Excerpts from a dataset:
--*--

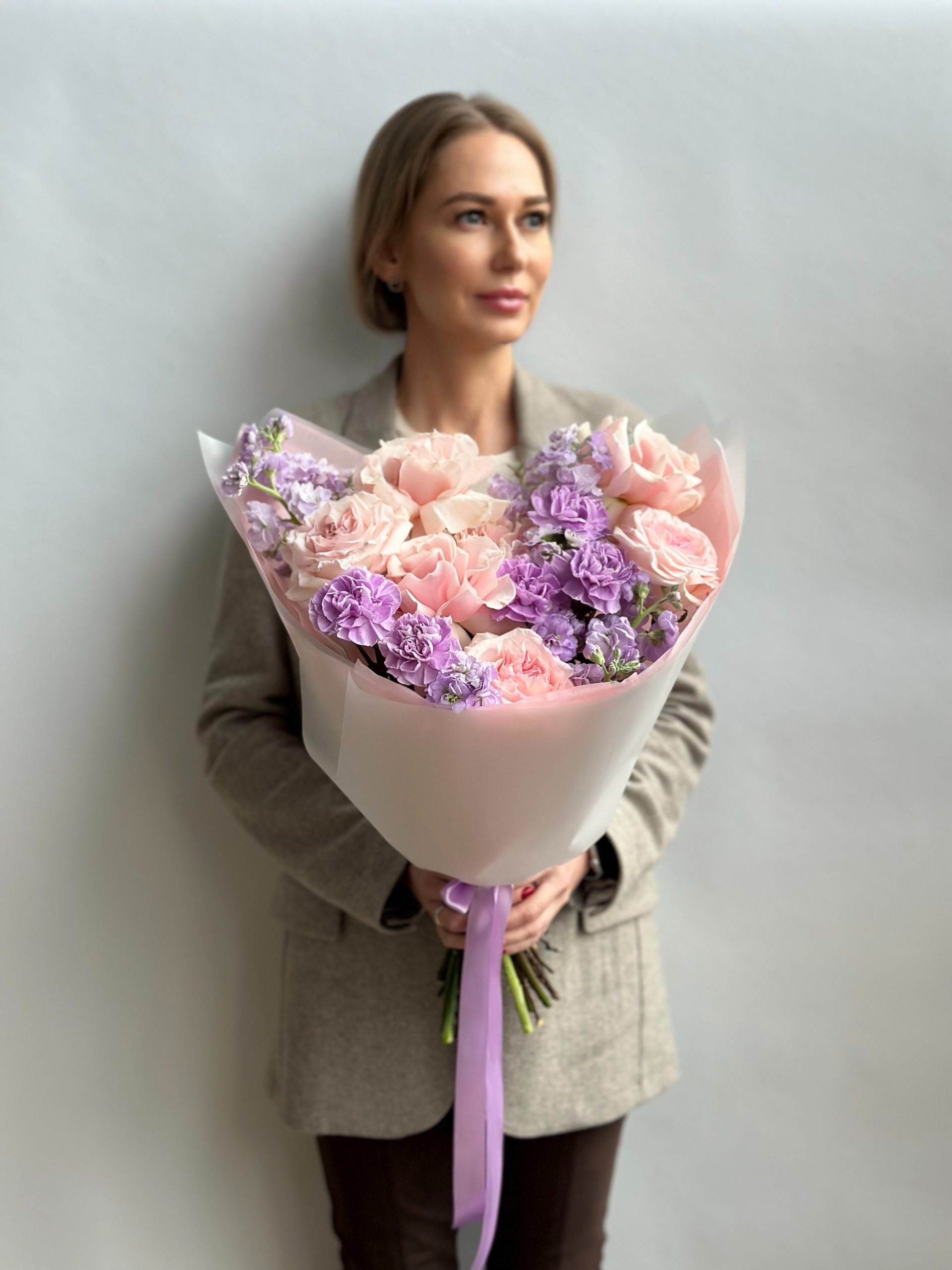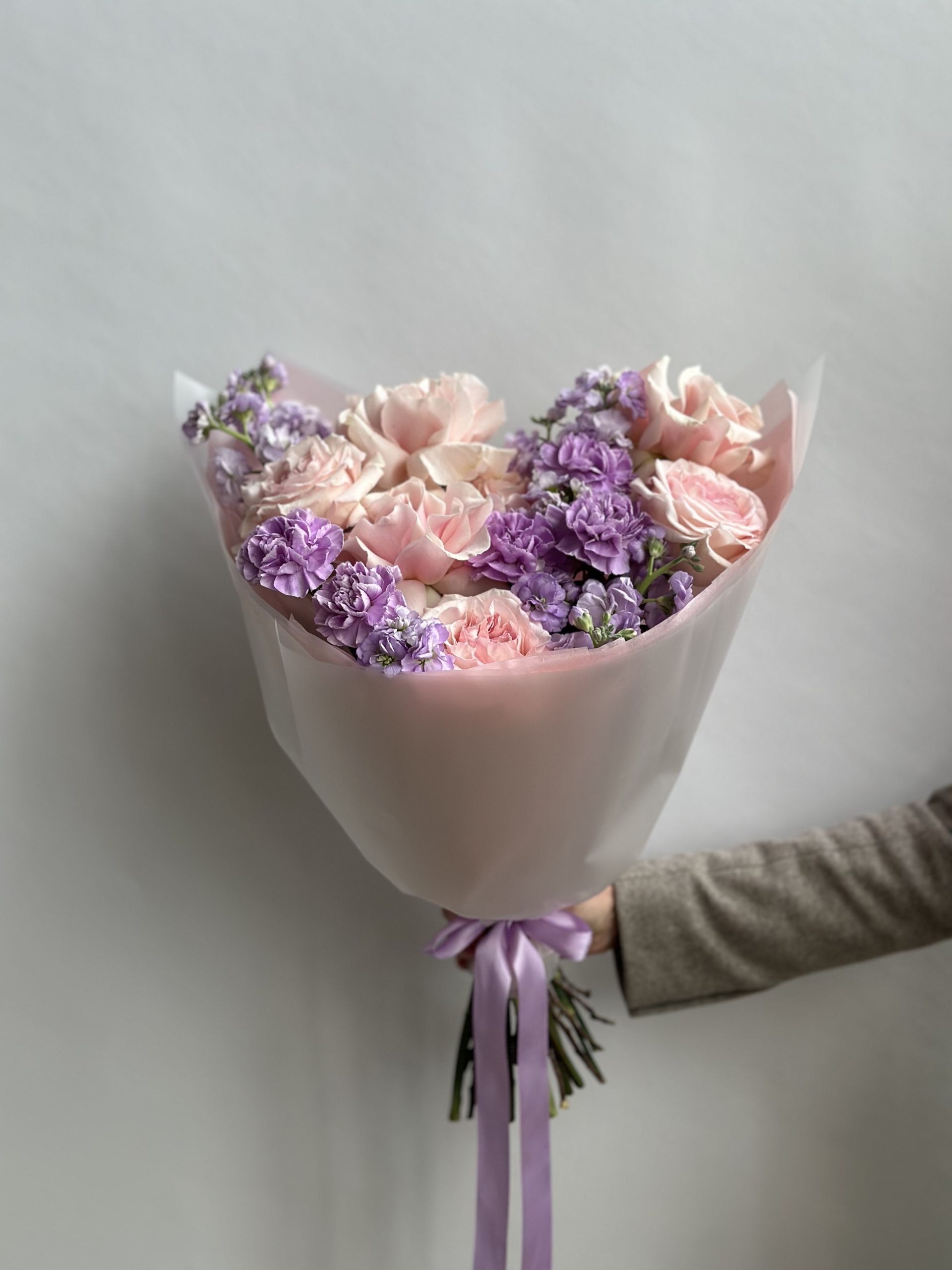 Букет с пионовидными розами, маттиолой и гвоздикой
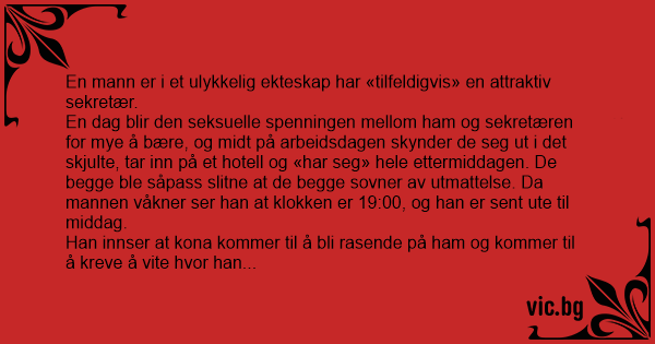 En dag blir den seksuelle spenningen mellom ham og sekretæren for mye å bære, og midt på arbeidsdagen skynder de seg ut i det skjulte, tar inn på et hotell og «har seg» hele ettermiddagen. De begge ble såpass slitne at de begge sovner av utmattelse. Da mannen våkner ser han at klokken er 19:00, og han er sent ute til middag.
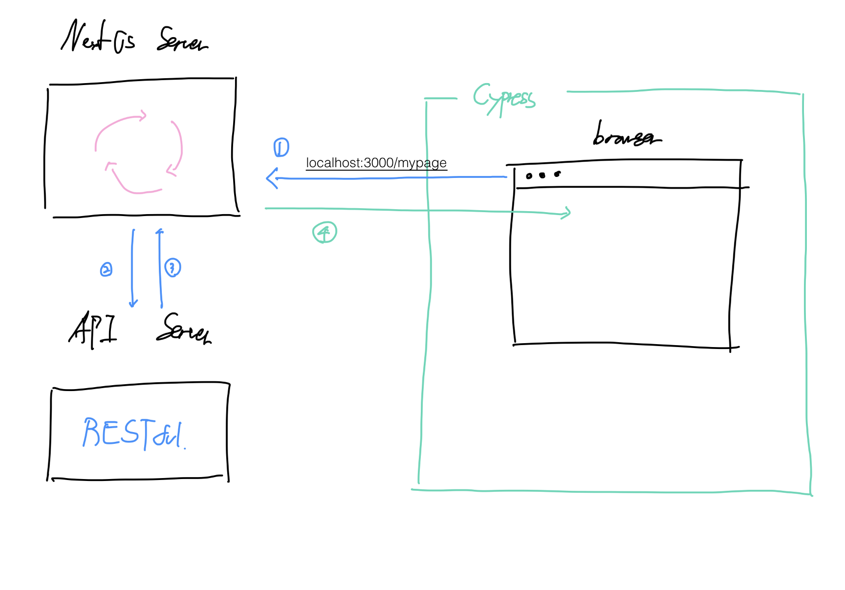 Cypress는 브라우저에서 할 수 있는 모든 것들을 테스트할 수 있습니다. 하지만 Nextjs와 같이 서버사이드 렌더링을 사용하는 프로젝트의 경우 난관이 존재합니다. "브라우저에서 할 수 없는 것"들도 존재하기 때문입니다. 실제로 Nextjs서버에 페이지 생성을 요청했을 때, Nextjs가 HTML을 그리기 위해 Server Side에서 Internal Request를 통해 Customized 된 데이터를 받아오고 이를 통해 뷰를 그리는 경우를 생각해 보겠습니다.
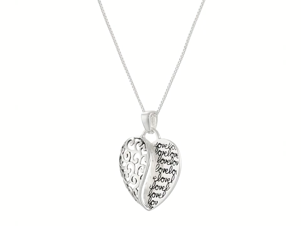 Sterling silver necklace featuring stacked heart pendant with filigree cutouts and engraved cursive "love" pattern^Engraving on back: "Mother and Son forever"^18" box chain with spring-ring clasp^Crafted in .925 sterling silver^Imported
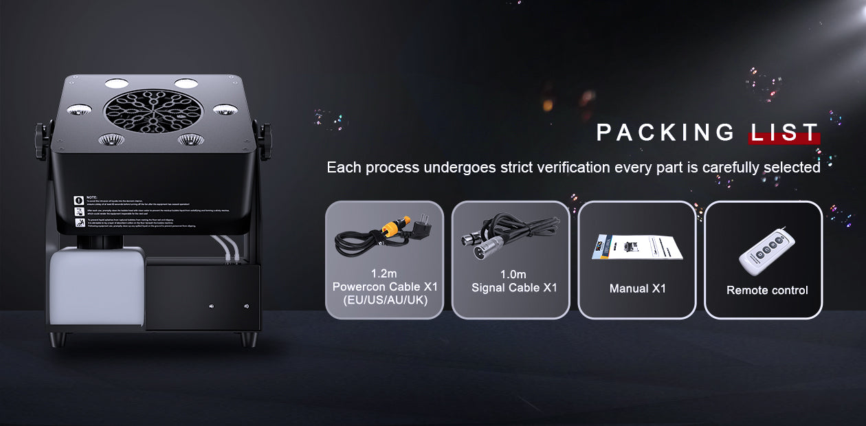 The 90W bubble machine is a revolutionary and professionally durable machine that can project a large amount of bubbles into the atmosphere.
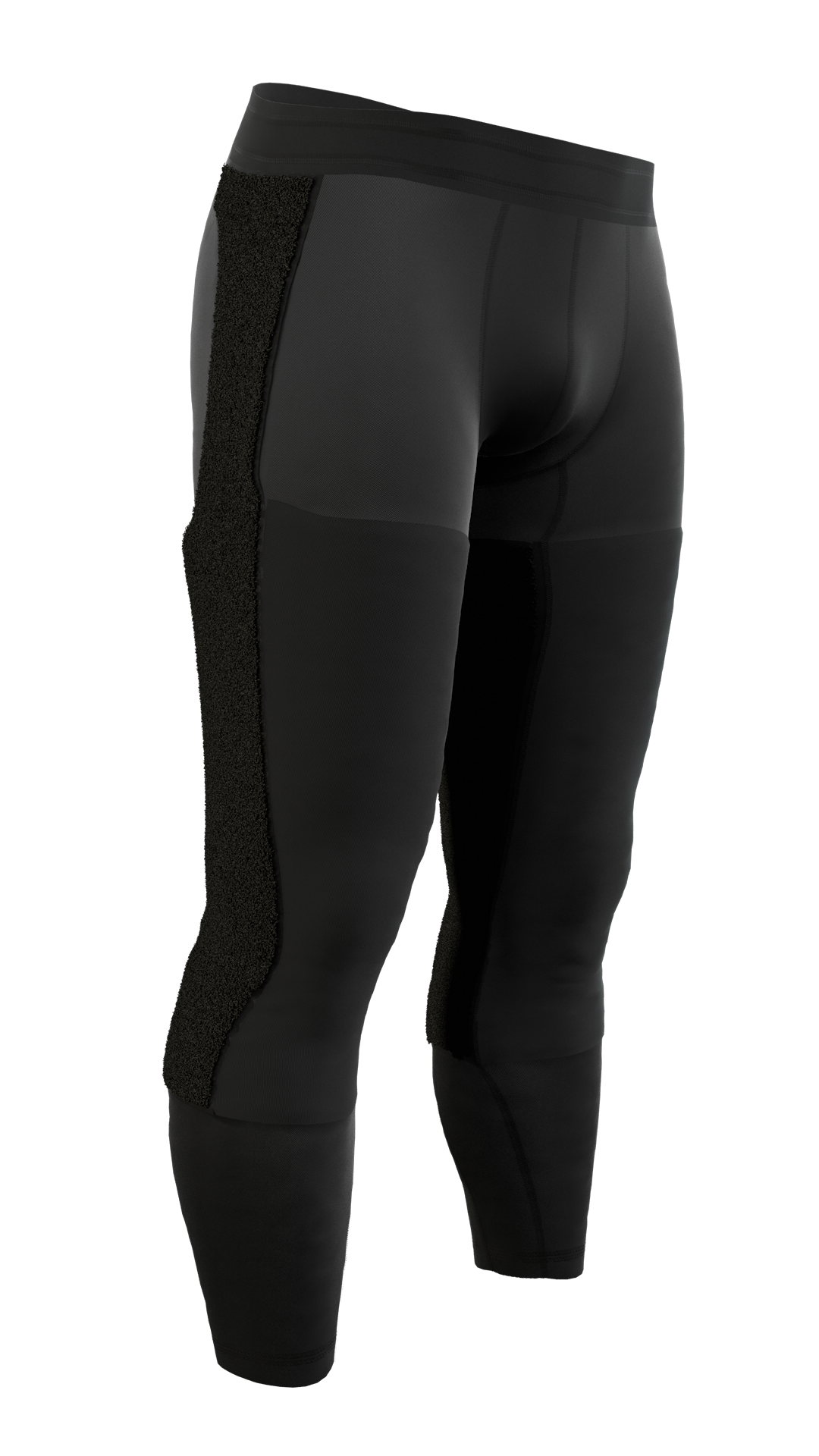 BraceUnder's system uses smart thermogenesis to reduce swelling using heat along the IT Band, hip joint, adductors, and both sides of the knee.
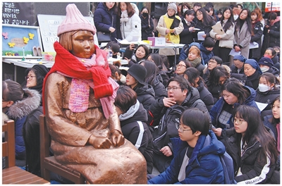 韩国民众在首都首尔一处象征日军“慰安妇”受害者的“和平少女”雕像周围举行抗议活动。
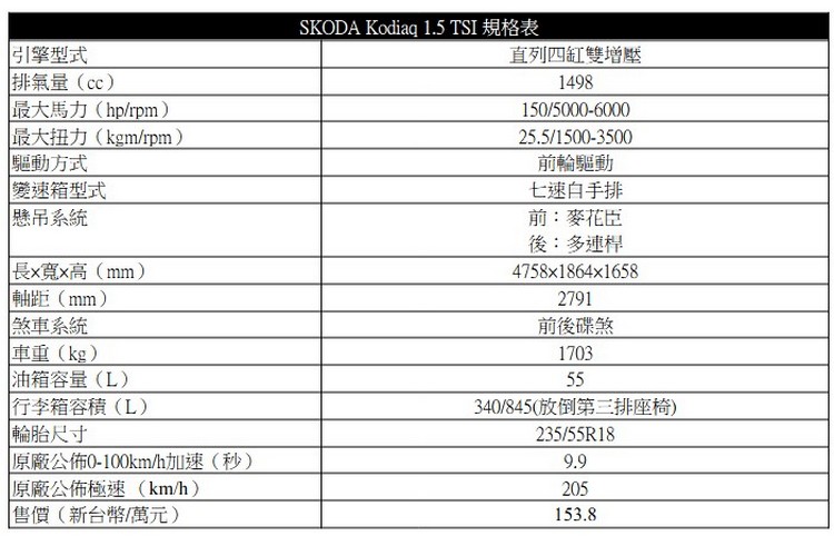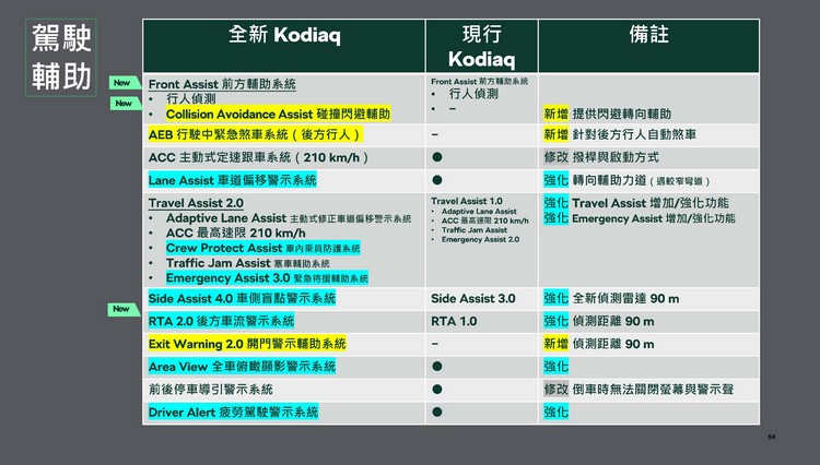 SKODA SUV家族中的老大Kodiaq於去年全球首發第二代車款,今年正式引進國內。新一代的幾個主要產品特色包括車格放大帶來的更多空間、更多的功能性、智慧旋鈕的功能操作便利性與可永續再生的環保內裝材質、安全與輔助系統功能升級強化等。轉用VW集團MQB底盤平台的EVO版本代表著可以搭載插電式油電混合動力系統,不過國內上市初期並不會導入。
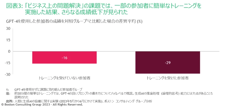 しかし、今回の結果はそう単純ではない。参加者にGPT-4のプロンプト(生成AIに入力する質問・指示)の書き方とこのテクノロジーの限界について説明した場合でも、ビジネス上の問題解決の課題でGPT-4が及ぼす悪影響は解消されなかった(「実施したトレーニングについて」をご参照ください)。
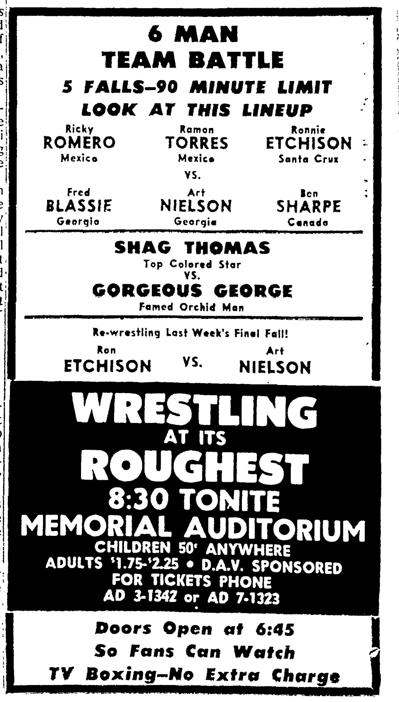 Gorgeous George, real name George Wagner, made his final appearance in Fresno later that summer. He died in 1963 at the age of 48.
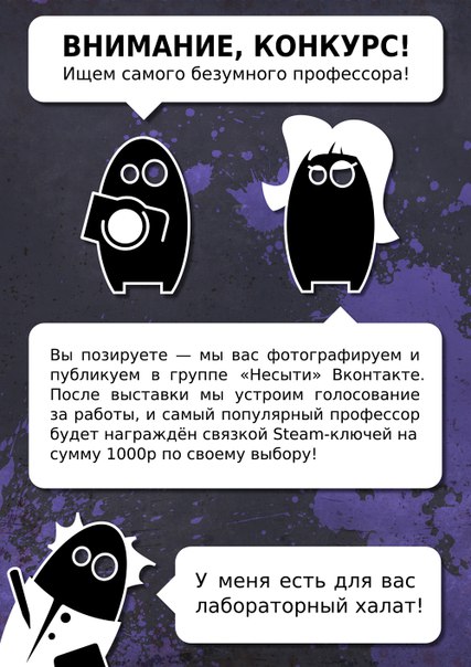 По результатам традиционного голосования лайками самый популярный профессор награждается связкой Steam-ключей на сумму 1000р по своему выбору!
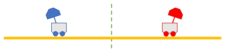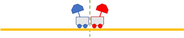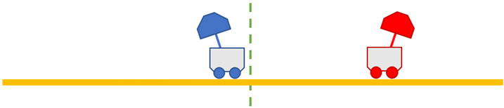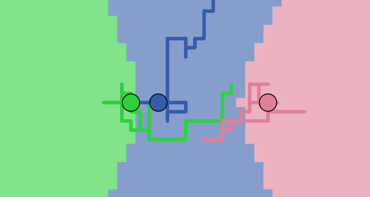 เพื่อให้เห็นภาพ สมมติว่าบนชายหาดแห่งหนึ่งมีร้านไอศกรีมสองร้าน น้ำเงินกับแดง ถ้าเราสมมติว่าคนในหาดจะเลือกไปกินร้านที่ใกล้กว่า และคนกระจายตัวกันอย่างสม่ำเสมอทั้งหาด ถ้าทั้งสองร้านตั้งอยู่ในตำแหน่งตามรูปข้างล่าง ทั้งสองร้านก็จะแบ่งลูกค้ากันคนละครึ่งถูกไหมฮะ
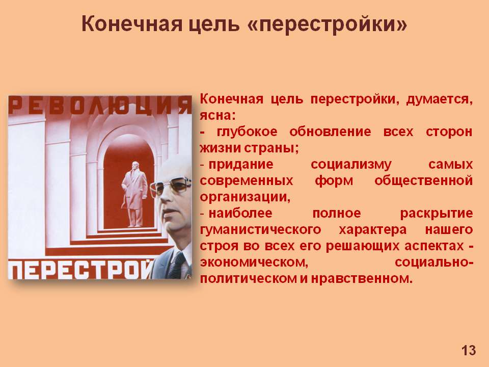 Поэтому мы должны видеть, что главные причины развития гласности в годы перестройки связаны с тем, что элита готовила планы по смене режима, а для этого были нужны реформы и перемены. Их и обеспечивали с 1985 по 1991 годы, в результате чего великая страна рухнула.
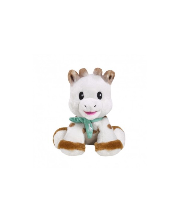 Este peluche de la jirafita Sophie puede sentarse o estar sobre las cuatro patas. El bebé puede agarrarla y manipularla fácilmente gracias a sus largas piernas.
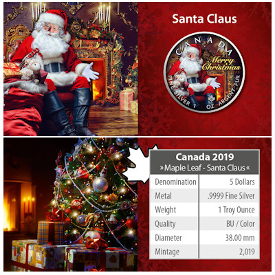 <<< Kanada - 5 CAD Maple Leaf Weihnachtsmann 2019 - 1 Oz Silber Color | |
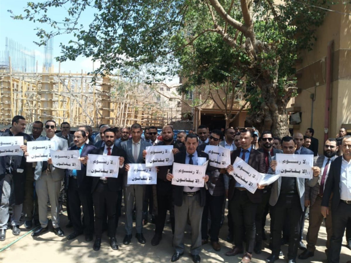 محاميو المنيا ينظمون وقفة احتجاجية ضد زيادة الرسوم القضائية
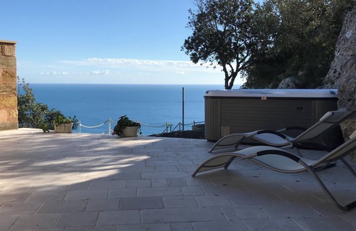 A superb terrace entirely in local stone overlooks the sea, offering the opportunity to enjoy an enchanting panoramic view of the sea and to experience pleasant moments in absolute tranquility.
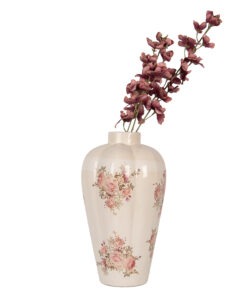 Διακοσμητικό βάζο της εταιρείας Clayre & Eef, διακοσμημένο με ροζ λουλούδια.
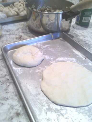 Place a scooper full of the meat and cabbage filling in the center of a flattened circle of dough.

--*--

§ Activity
The line containing "Διακοσμητικό βάζο της" marks the start: set down exactly that line and every line after it through the last line of the data, without any pictures.

§ Answer area
 Διακοσμητικό βάζο της εταιρείας Clayre & Eef, διακοσμημένο με ροζ λουλούδια.
 Place a scooper full of the meat and cabbage filling in the center of a flattened circle of dough.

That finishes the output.